[Your goal]
Exactly the lines below from the line with "一路前行,一路風(fēng)" through the line with "Великолепные серьги, выполненые" must make up the answer, both ends included and pictures left out.

Input records section start

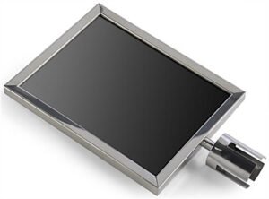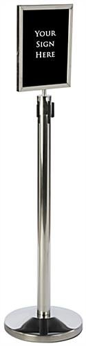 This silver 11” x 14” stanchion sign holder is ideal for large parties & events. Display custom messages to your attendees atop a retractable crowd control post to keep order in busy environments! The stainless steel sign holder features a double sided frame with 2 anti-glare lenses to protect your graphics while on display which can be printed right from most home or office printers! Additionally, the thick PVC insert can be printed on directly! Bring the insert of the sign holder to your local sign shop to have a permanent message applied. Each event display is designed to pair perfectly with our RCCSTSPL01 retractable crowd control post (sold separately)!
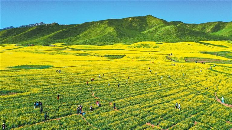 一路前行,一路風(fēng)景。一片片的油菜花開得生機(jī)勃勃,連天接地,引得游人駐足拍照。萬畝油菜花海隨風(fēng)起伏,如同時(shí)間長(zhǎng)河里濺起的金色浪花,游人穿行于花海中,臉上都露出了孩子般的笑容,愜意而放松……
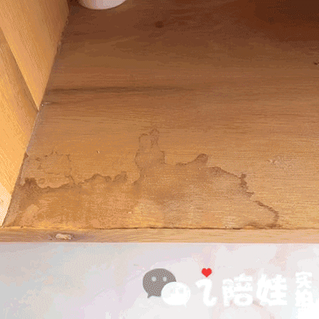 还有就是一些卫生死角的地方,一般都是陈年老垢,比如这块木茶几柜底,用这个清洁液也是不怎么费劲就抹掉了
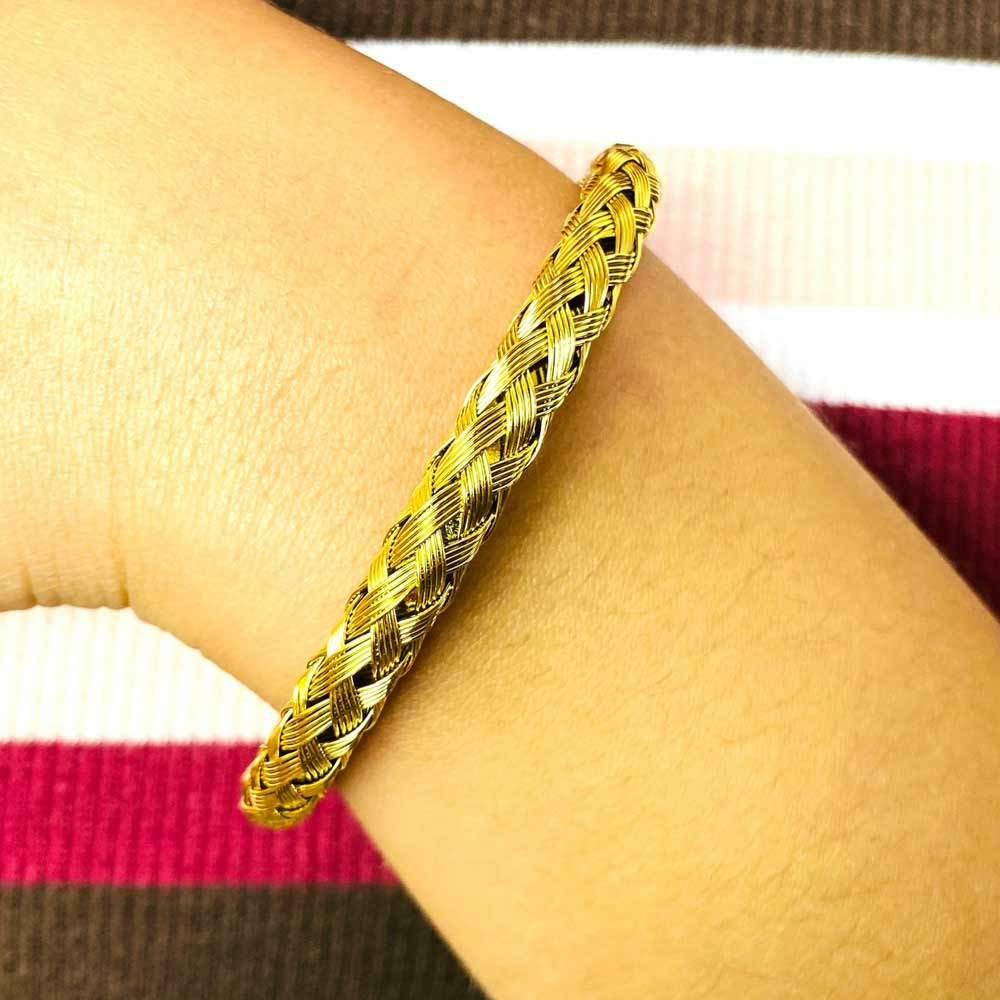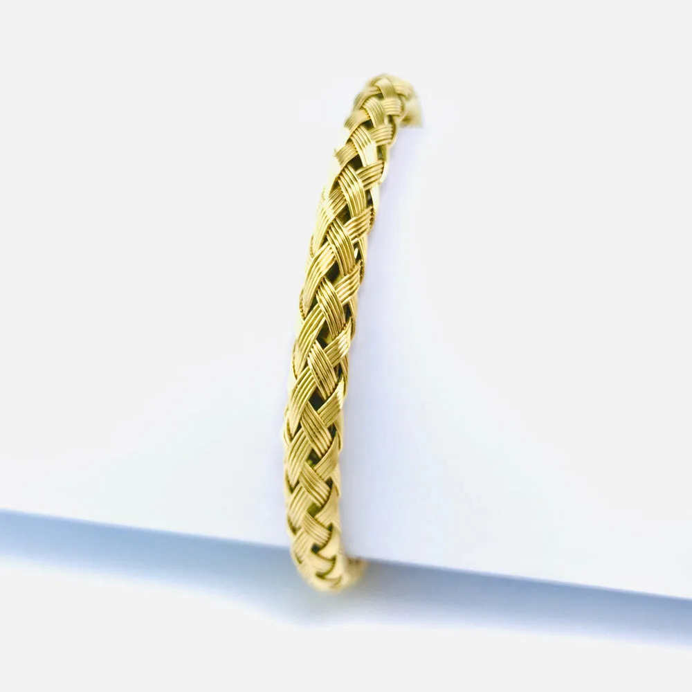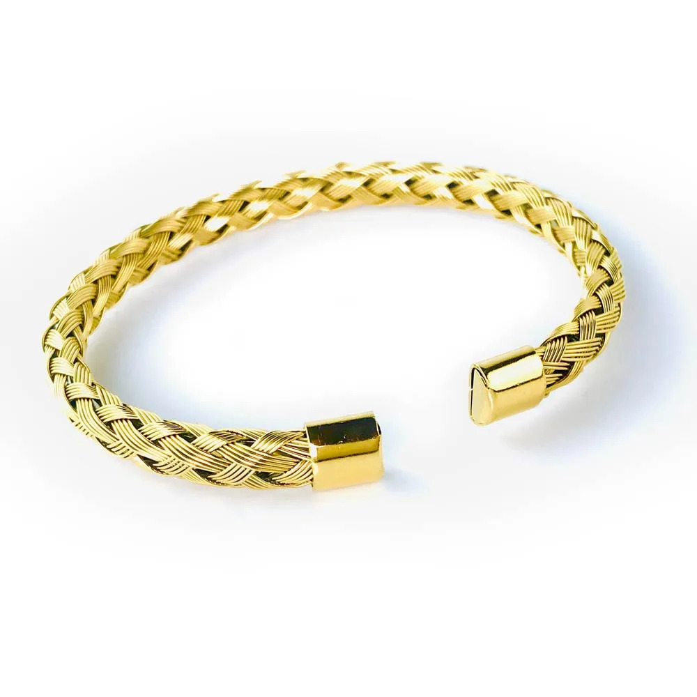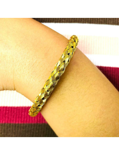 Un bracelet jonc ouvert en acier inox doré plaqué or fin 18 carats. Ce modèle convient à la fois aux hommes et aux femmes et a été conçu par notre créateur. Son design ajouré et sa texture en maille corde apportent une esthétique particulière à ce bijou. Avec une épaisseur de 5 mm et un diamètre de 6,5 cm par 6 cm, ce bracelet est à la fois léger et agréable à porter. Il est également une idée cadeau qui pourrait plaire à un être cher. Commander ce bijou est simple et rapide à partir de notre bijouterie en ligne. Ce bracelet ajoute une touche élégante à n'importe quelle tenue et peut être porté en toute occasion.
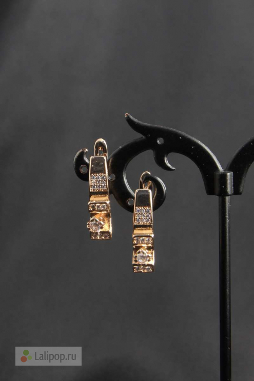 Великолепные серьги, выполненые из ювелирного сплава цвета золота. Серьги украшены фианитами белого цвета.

Input records section end
Input records section start

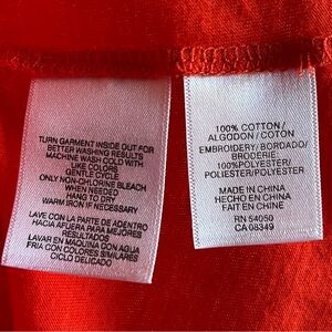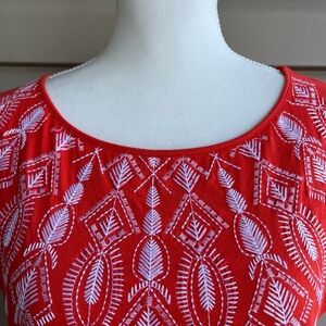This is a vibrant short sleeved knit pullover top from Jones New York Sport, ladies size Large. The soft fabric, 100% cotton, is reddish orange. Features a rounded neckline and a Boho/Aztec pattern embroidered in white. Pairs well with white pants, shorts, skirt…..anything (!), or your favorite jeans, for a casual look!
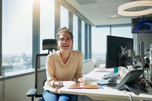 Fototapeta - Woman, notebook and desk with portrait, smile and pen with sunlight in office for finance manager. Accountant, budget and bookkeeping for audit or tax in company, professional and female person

Input records section end
Input records section start

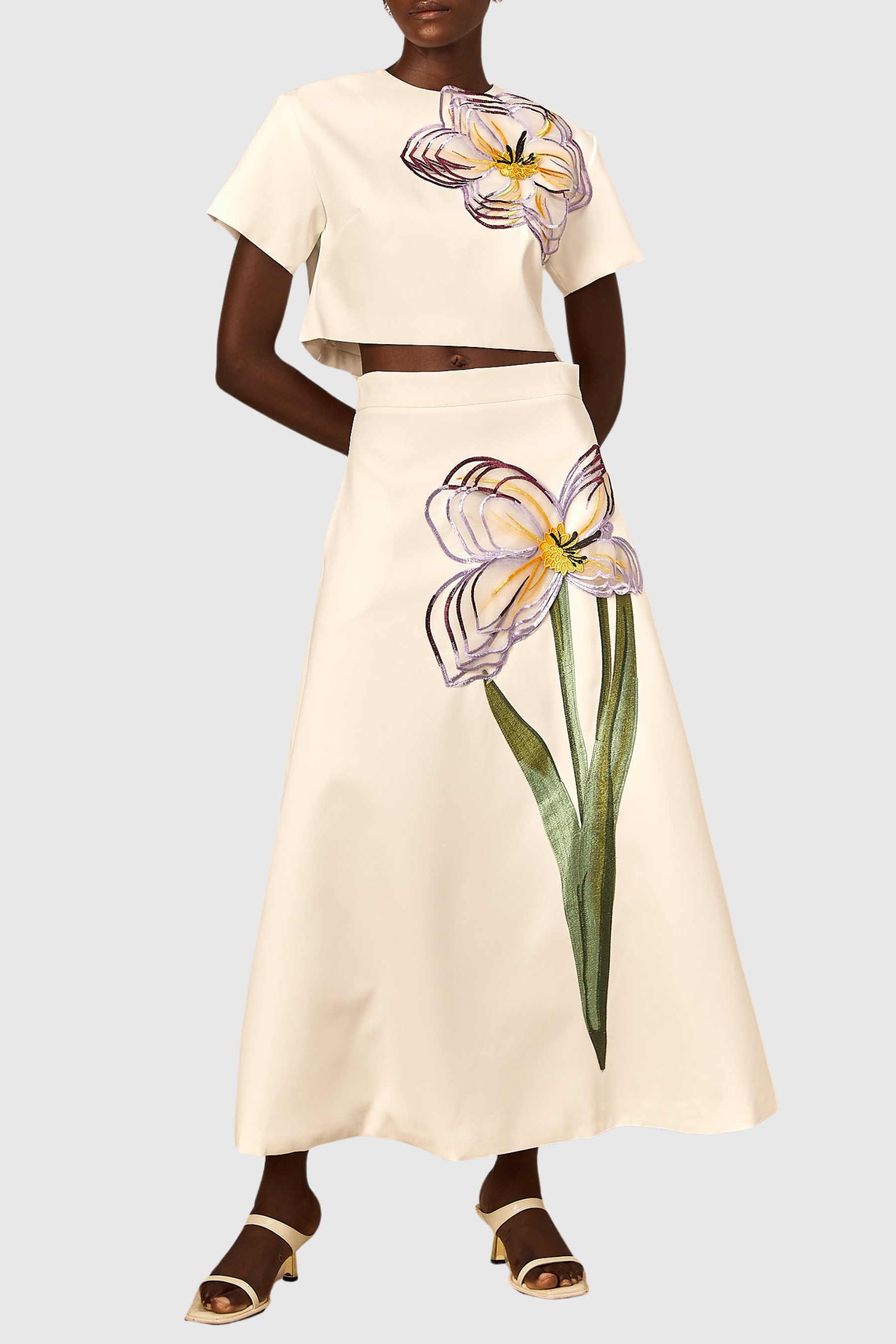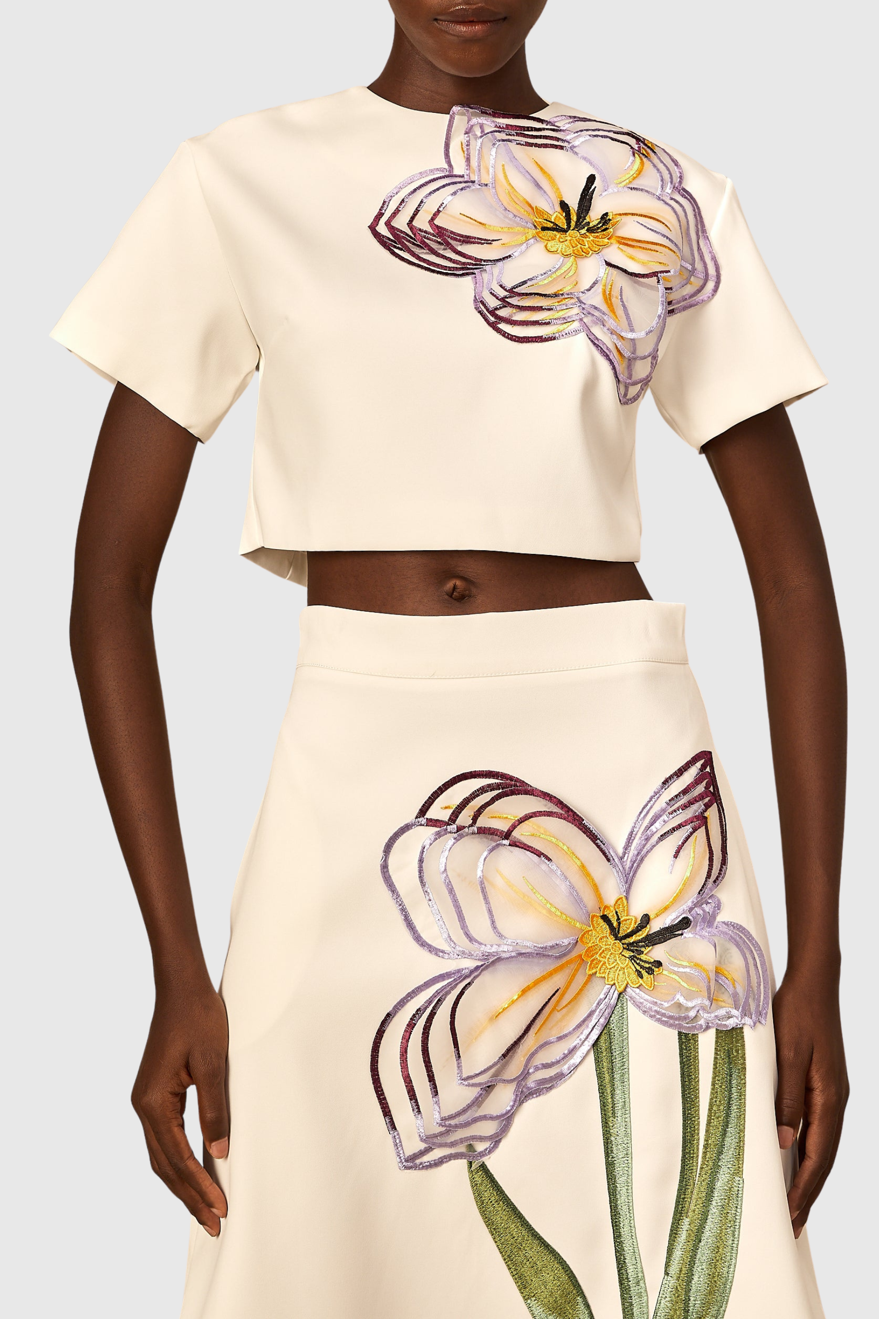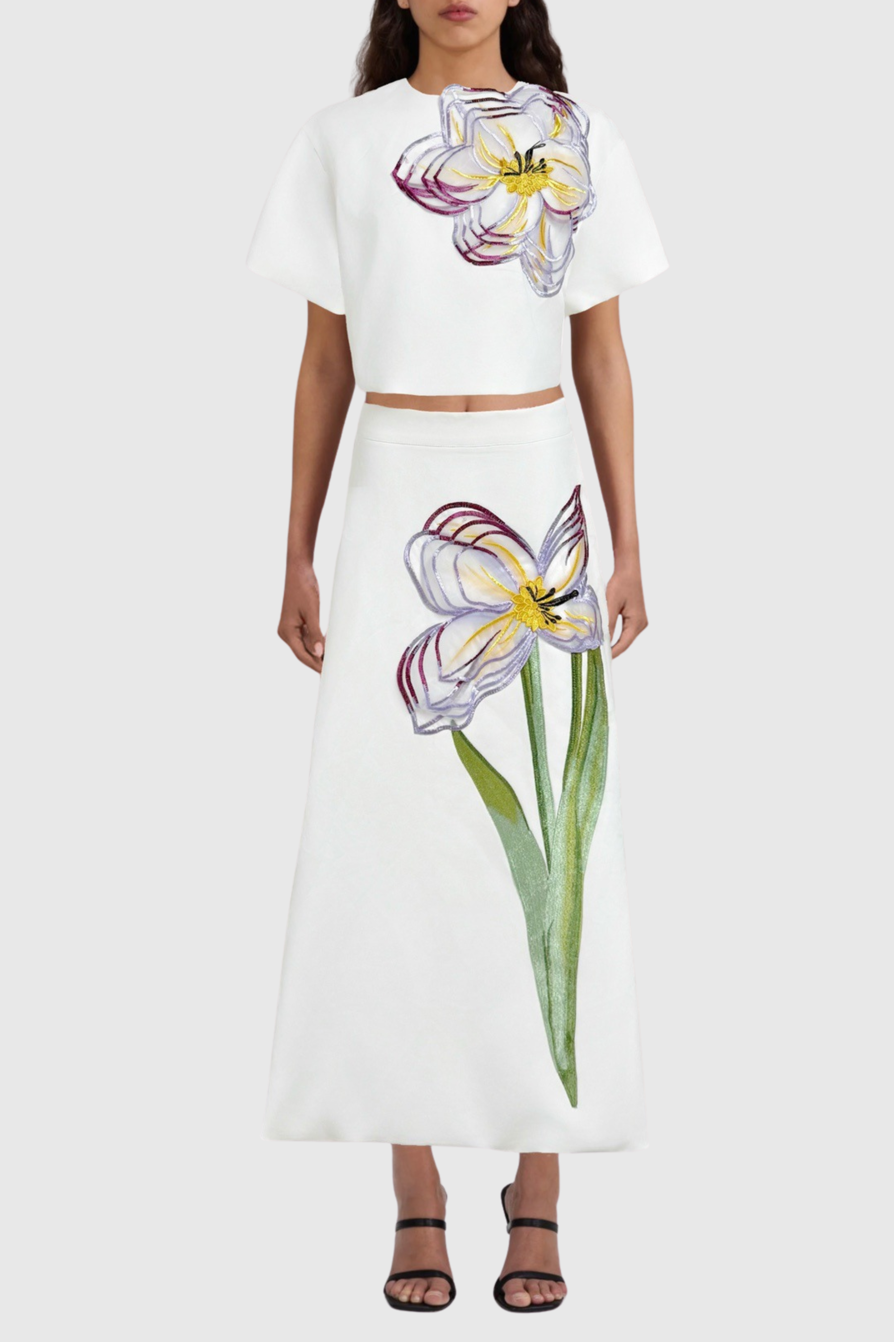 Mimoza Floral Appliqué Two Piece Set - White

Input records section end

[Task output]
 一路前行,一路風(fēng)景。一片片的油菜花開得生機(jī)勃勃,連天接地,引得游人駐足拍照。萬畝油菜花海隨風(fēng)起伏,如同時(shí)間長(zhǎng)河里濺起的金色浪花,游人穿行于花海中,臉上都露出了孩子般的笑容,愜意而放松……
 还有就是一些卫生死角的地方,一般都是陈年老垢,比如这块木茶几柜底,用这个清洁液也是不怎么费劲就抹掉了
 Un bracelet jonc ouvert en acier inox doré plaqué or fin 18 carats. Ce modèle convient à la fois aux hommes et aux femmes et a été conçu par notre créateur. Son design ajouré et sa texture en maille corde apportent une esthétique particulière à ce bijou. Avec une épaisseur de 5 mm et un diamètre de 6,5 cm par 6 cm, ce bracelet est à la fois léger et agréable à porter. Il est également une idée cadeau qui pourrait plaire à un être cher. Commander ce bijou est simple et rapide à partir de notre bijouterie en ligne. Ce bracelet ajoute une touche élégante à n'importe quelle tenue et peut être porté en toute occasion.
 Великолепные серьги, выполненые из ювелирного сплава цвета золота. Серьги украшены фианитами белого цвета.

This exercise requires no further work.